MICHELIN Cerexbib 2 タイヤ
VF 620/70R26 CFO+ 173A8 TL

MICHELIN Cerexbib 2 リア空気圧
したがって、このコンバインハーベスターに適したフロント/リア空気圧となっています。

コンバインハーベスタータイヤの適正空気圧を特定する
傾斜地の特殊なケース
圃場に傾斜がある場合、コンバインハーベスターは完全に水平にはならず、片側から反対側に荷重が移動することになります。この場合、タイヤを保護するために空気圧を少し上げます。空気圧を上げる方法は、ミシュランの技術文書の最後に示されています。

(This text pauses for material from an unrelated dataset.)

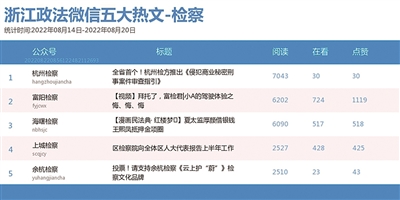 本期检察院榜,“杭州检察”稳居两榜第一,其《全省首个!杭州检方推出<侵犯商业秘密刑事案件审查指引>》一文,介绍了杭州市滨江区人民检察院结合办案实践,出台全省首个《侵犯商业秘密刑事案件审查指引》,为这类案件的审查提供了较为全面、系统的规则。

それ以外の場合は、推奨される空気圧を守ってください。
フラットスポット現象
コンバインハーベスターを長期間運転していないと、時間の経過とともに自然に空気が抜けてタイヤがわずかにへこむことがあります。この場合、「フラットスポット」が発生している可能性があります。丸い形状を保つのではなく、タイヤは地面に接触している部分が少し平らになっています。これは心配する必要はありません。
最初の数周は、タイヤが通常の形状に戻るまで多少の振動を感じるでしょう。この「フラットスポット」現象は、短時間で解消されます。